Lament for a Son is an intensely personal tribute by Nicholas Wolterstorff to his 25-yr-old son who died in a climbing accident. It is eloquent and unforgettable as he gives voice to a grief that is both unique and universal: the tortured pain of losing an individual, a child, your child.

We lost our 25-yr-old son to a heroin overdose six years ago on August 2, 2014. Lament for a Son has been one of our go-to books since that time. Wolterstorff expresses the incomprehension and sense of unfairness that, I believe, parents worldwide feel when they lose a child – someone who is supposed to bury you, not the other way around. It doesn’t fit with the cycle of life we expect – it is jarring, unsettling, bewildering, frustrating, disquieting.

In the Preface he relates:

A friend told me he gave a copy of Lament to all of his children. “Why?” I asked. “Because it’s a love song,” he said. That took me aback. But, Yes, it is a love-song. Every lament is a love song. Will love-songs one day no longer be laments?
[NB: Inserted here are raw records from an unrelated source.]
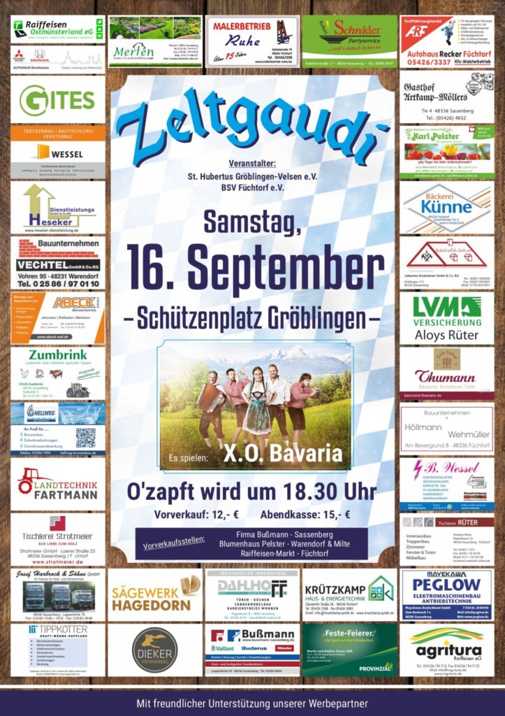 « Alle Veranstaltungen Diese Veranstaltung hat bereits stattgefunden. Zelt-Gaudi in Gröblingen 16. September 2023 « Kreisehrengardentreffen in Füchtorf Volkstrauertag am Ehrenmal in Gröblingen » Zum Kalender hinzufügen Google Kalender iCalendar Outlook 365 Outlook Live Details Datum: 16. September 2023
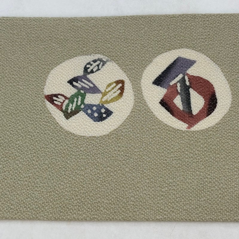 【名古屋帯】 灰色系 灰緑 優品 B 帯丈356cm~365cm -3980 二万以下
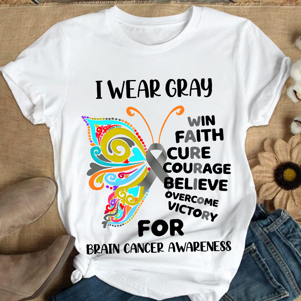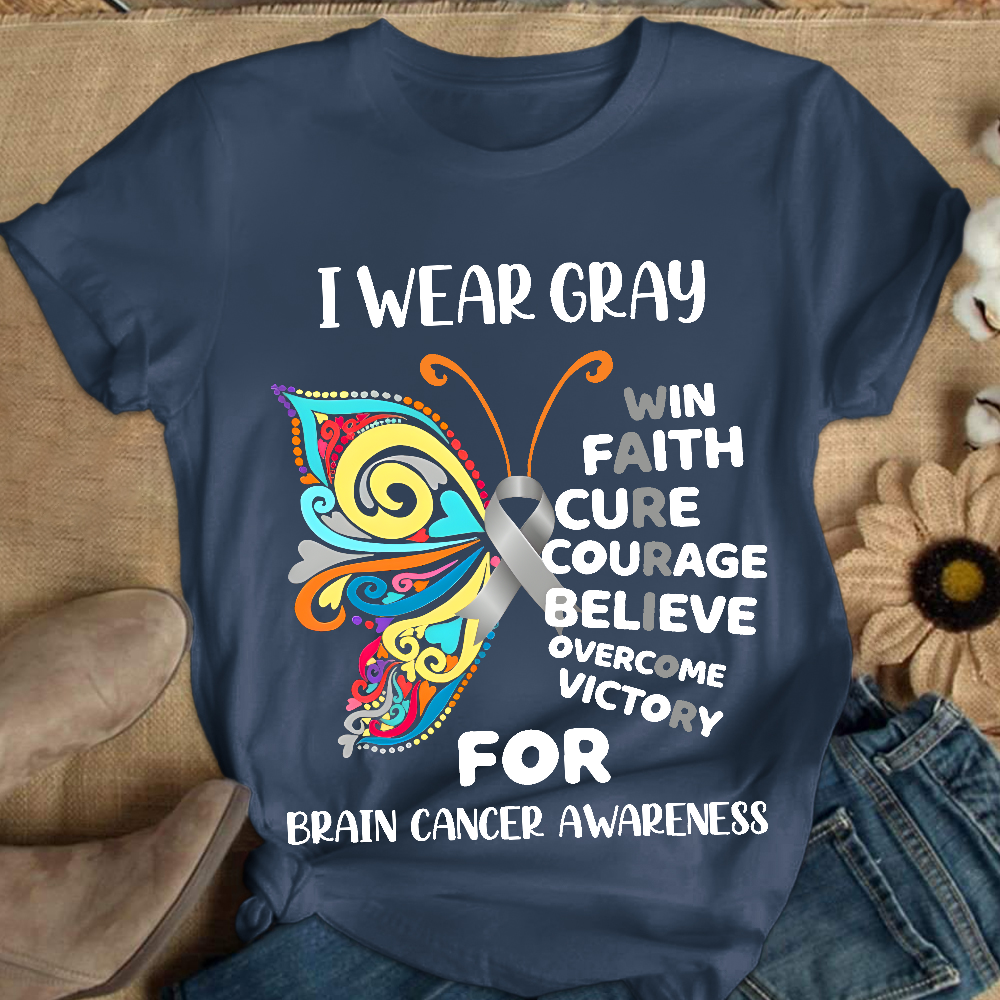 I Wear Gray For Brain Cancer Awareness Cotton Nurse T-shirt

Yet, while the book expresses the common feelings brought on by sudden unexpected death, what he doesn’t share with those of us who have lost a child to drug/alcohol addiction are the previous long years, sometimes decades, of turmoil, anxiety, fear, and depression that we experience on top of all the normal grief.

And shame.

There is no glory in being the parent of someone who is an addict or alcoholic.